▸ **Problem**
Omit any pictures, and restate word for word only the lines from the one with "Petit restaurant très" through the end of the data below.

▸ **Exercise data**
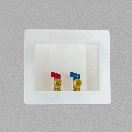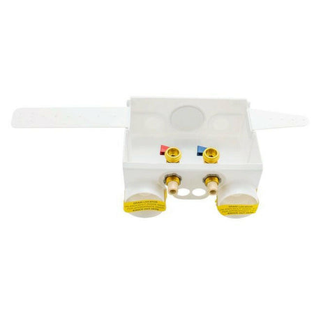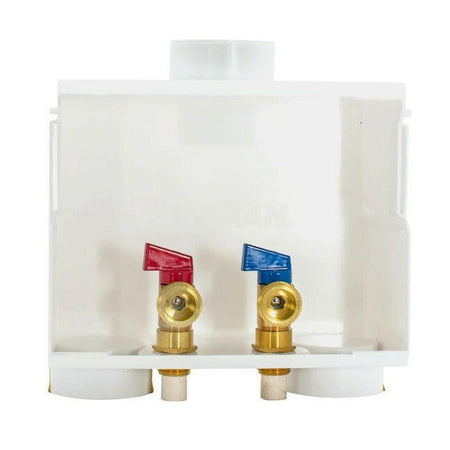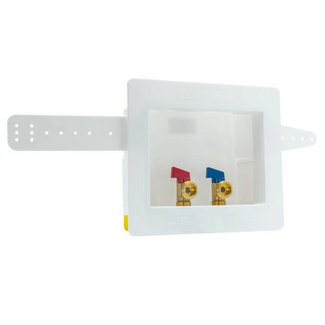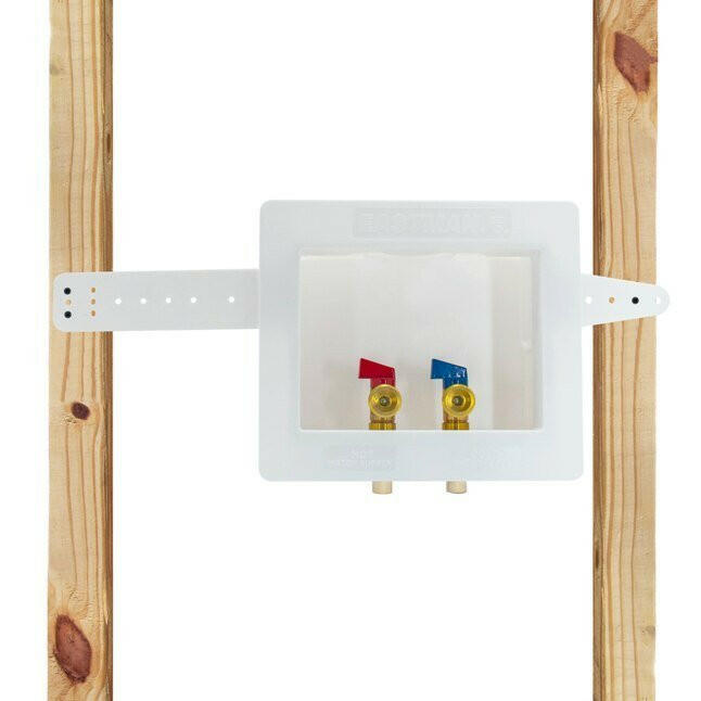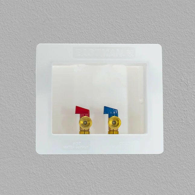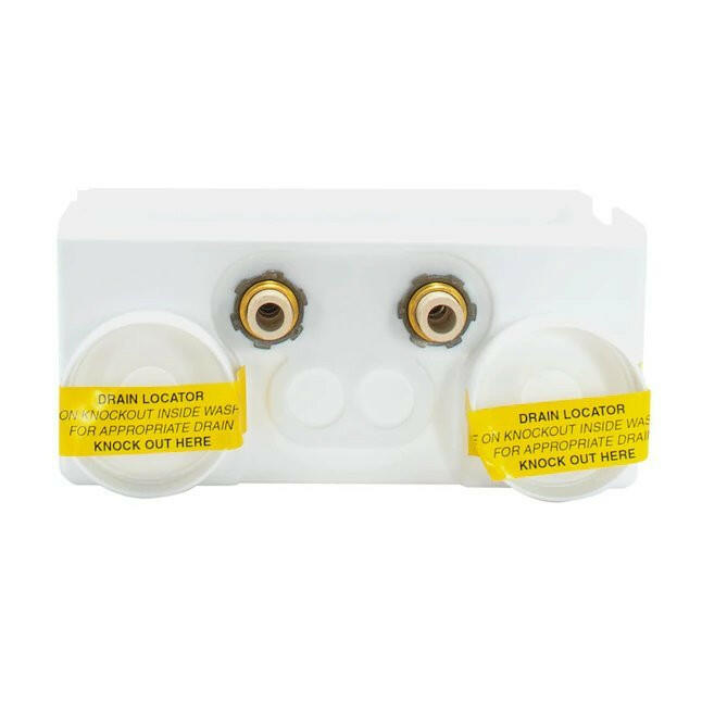 La caja de salida de la lavadora Eastman proporciona una instalación de suministro de agua segura para las lavadoras. Es una caja de una sola pieza construida con plástico no corrosivo de alto impacto. Se puede instalar un desagüe del lado derecho o del lado izquierdo. Tiene un diseño empotrado que se adapta a paneles de yeso de 1 pulgada. La caja de salida viene con un soporte de soporte preinstalado, una cubierta de placa frontal y válvulas de bola de frío y calor de 1/4 de vuelta para cerrar durante el mantenimiento. La caja de salida de esta lavadora tiene una conexión de entrada de CPVC de 1/2 pulgada y una salida de rosca de manguera macho de 3/4 pulgada. La caja de salida tiene áreas perforadas para instalar un desagüe del lado derecho o izquierdo. Aprobado por la UPC.
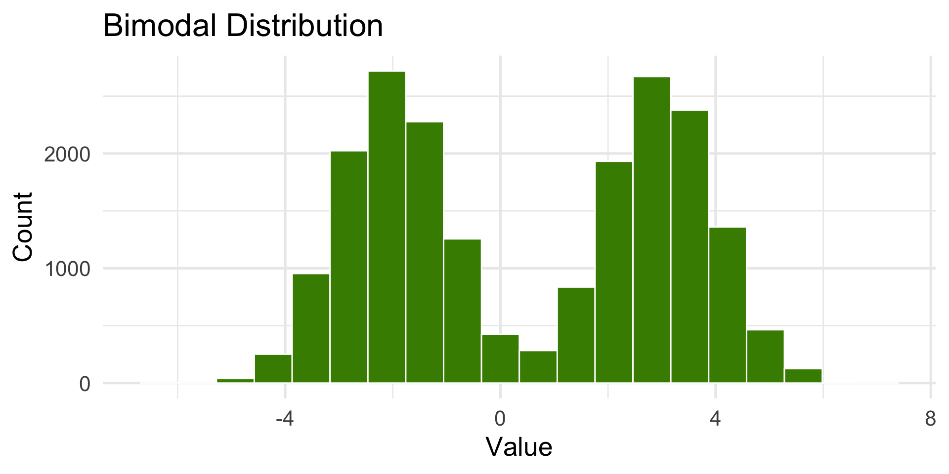 annotate("text", x = stats$median_x - 0.4,y = 1500, label = "Median", color = "blue") + theme_minimal(base_size = 16)Data like this might be the combination of two groups. Taking the mean is not meaningful until the groups are separated.
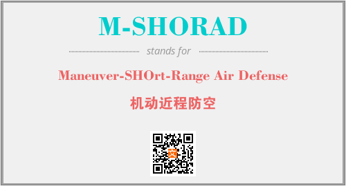 英文缩略词“M-SHORAD”经常作为“Maneuver-SHOrt-Range Air Defense”的英文缩写来使用,中文表示:“机动近程防空”。本文将详细介绍英文缩写词M-SHORAD所代表英文单词,其对应的中文拼音、详细解释以及在英语中的流行度。此外,还有关于缩略词M-SHORAD的分类、应用领域及相关应用示例等。
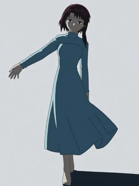 iwakura lain ps, yellow turtleneck dress, barefoot
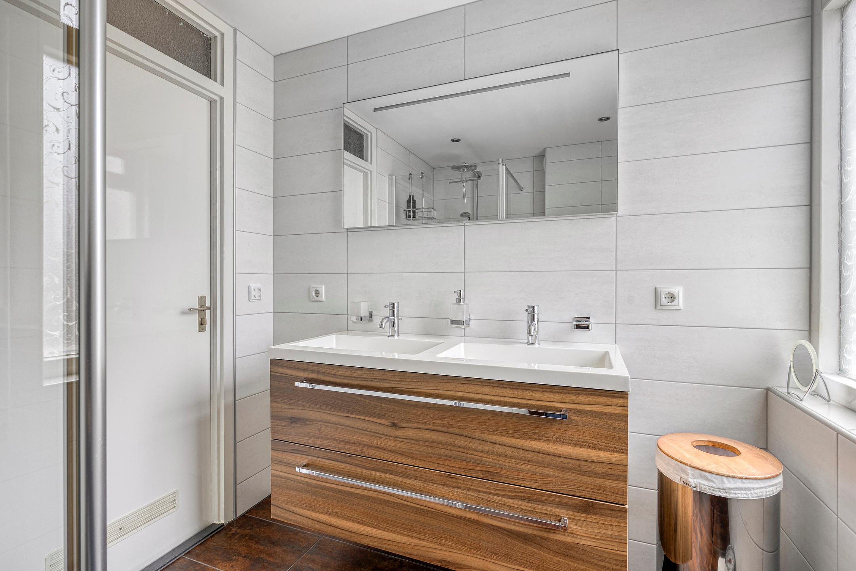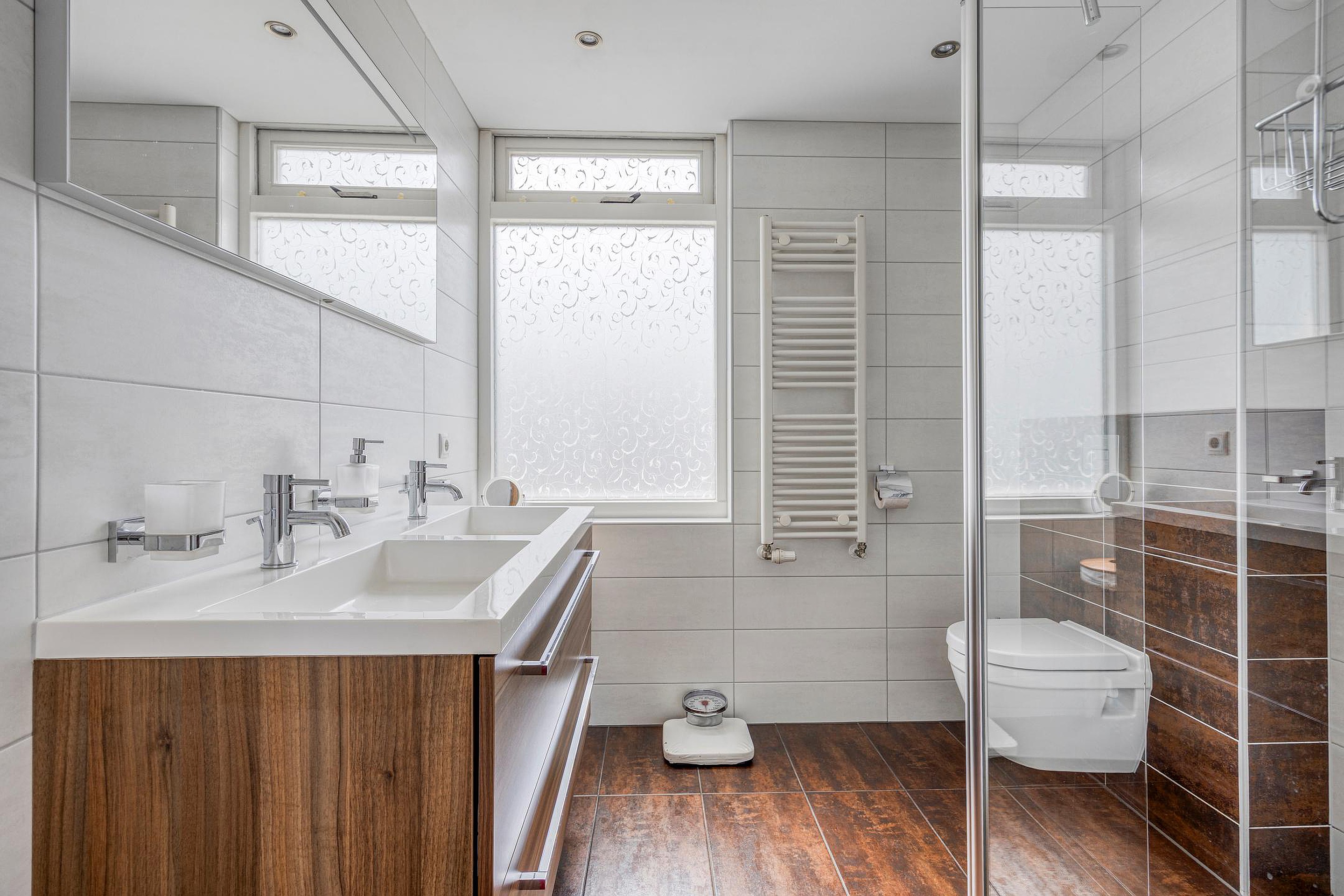 Badkamer, gelegen aan de voorzijde, geheel betegeld en voorzien van vloerverwarming met een inloopdouche met thermostaatkraan en rainshower, twee wastafels met onderladen en spiegel, een tweede toilet (hangend closet), badkamerradiator en mechanische ventilatie.
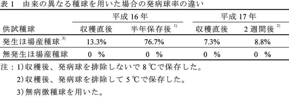 - 種球は外観無病徴でも本病によって汚染されている場合があり、注意が必要。
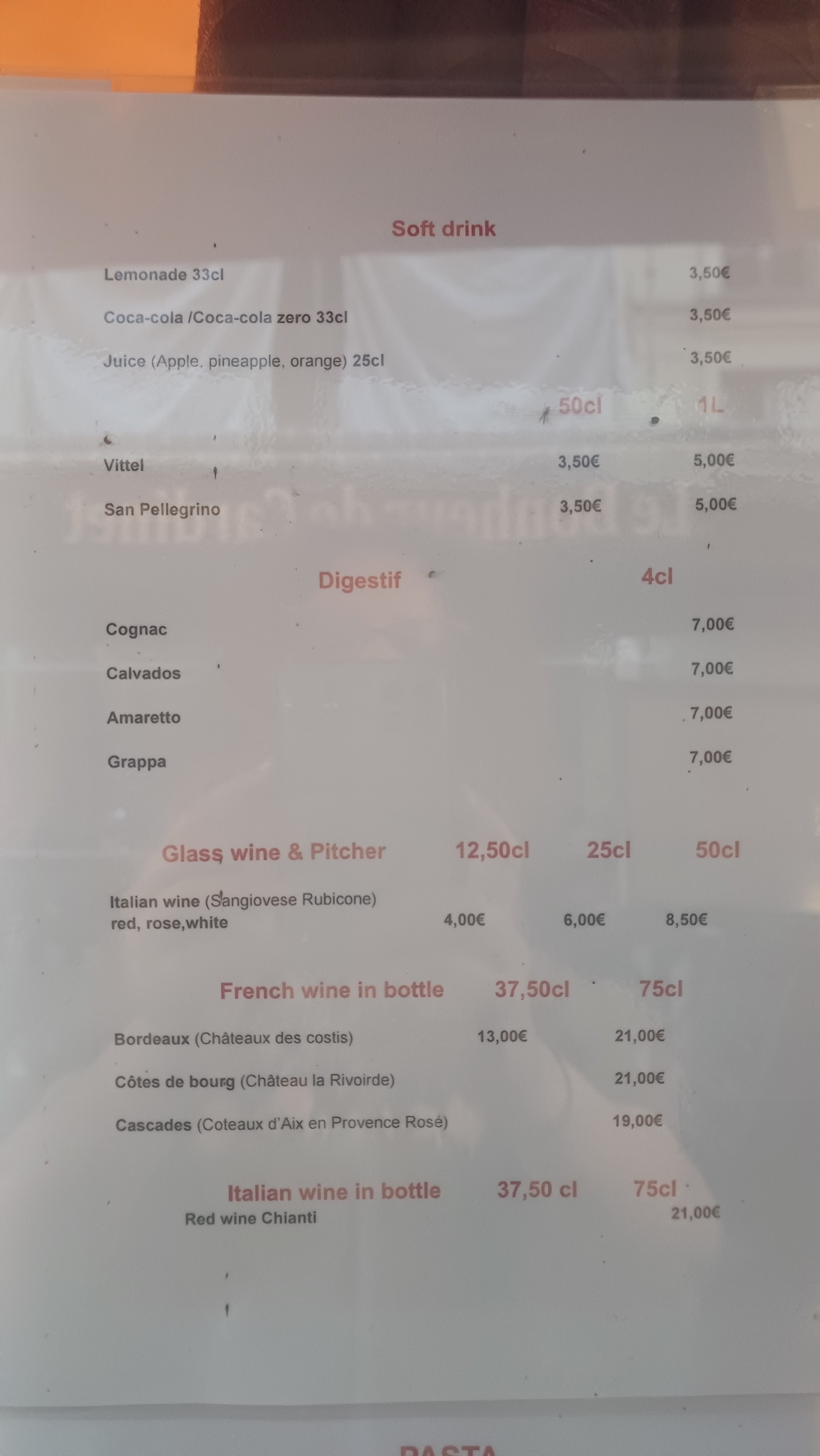 Petit restaurant très sympathique. Les pâtes sont copieuses.les pizzas succulentes. La pâte fine et bonne. Nous avons été reçu et servi par la serveuse très gentille.
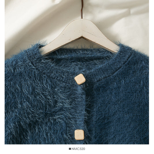 Sweater crew neck single breasted long sleeved top Plush crew neck sweater 1965
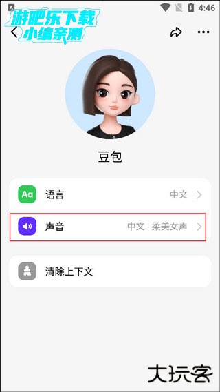 5、可对豆包进行设置,如中文、温柔桃子声音

▸ **The completed task**
 Petit restaurant très sympathique. Les pâtes sont copieuses.les pizzas succulentes. La pâte fine et bonne. Nous avons été reçu et servi par la serveuse très gentille.
 Sweater crew neck single breasted long sleeved top Plush crew neck sweater 1965
 5、可对豆包进行设置,如中文、温柔桃子声音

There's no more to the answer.